I want to know what is your command and Maybe you changed the MACE code and produced a bug?

@lu229 It's in the issue description text..

MACE_OPENCL_PROFILING=1
    LD_LIBRARY_PATH=/data/local/tmp/mace-dist/lib
    /data/local/tmp/mace-dist/bin/mace_run
        --device='GPU'
        --input_data_format='NHWC'
        --output_node='resnet_v2_50/predictions/Reshape_1'
        --output_shape='1,1001'
        --model_data_file='/data/local/tmp/mace_run/resnet_v2_50/resnet_v2_50.data'
        --input_node='input'
        --model_file='/data/local/tmp/mace_run/resnet_v2_50/resnet_v2_50.pb'
        --model_name='resnet_v2_50'
        --output_data_format='NHWC'
        --input_shape='1,299,299,3'
        --input_file=/data/local/tmp/mace_run/resnet_v2_50/validate_in/resnet_v2_50
        --output_file=/data/local/tmp/mace_run/resnet_v2_50/validate_out/resnet_v2_50
        --benchmark
        --round=1
        --gpu_perf_hint=0
        --gpu_priority_hint=0
        --cpu_affinity_policy=0

Okay, I see.
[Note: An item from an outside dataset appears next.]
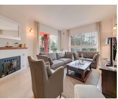
Ref.-ID: R4581976 Elviria Apartment

Community: 6,060 EUR / year IBI: 1,231 EUR / year

We just realized the obfuscator mace/python/tools/encrypt_opencl_codegen.py is not automatically run.

But the centric issues is that our reproduction's timing does not match MACE's. I wonder if there are any OpenCL setting I need to set up to obtain the same result?

@PENGUINLIONG Sorry, I don't know what is your mean.
"But the centric issues is that our reproduction's timing does not match MACE's. I wonder if there are any OpenCL setting I need to set up to obtain the same result?"

What is the mean of "our reproduction's timing does not match MACE's"?

	void OpenCLRuntime::GetCallStats(const cl::Event &event, CallStats *stats) {
	if (stats != nullptr) {
	stats->start_micros =
	event.getProfilingInfo<CL_PROFILING_COMMAND_START>() / 1000;
	stats->end_micros =
	event.getProfilingInfo<CL_PROFILING_COMMAND_END>() / 1000;
	}
	}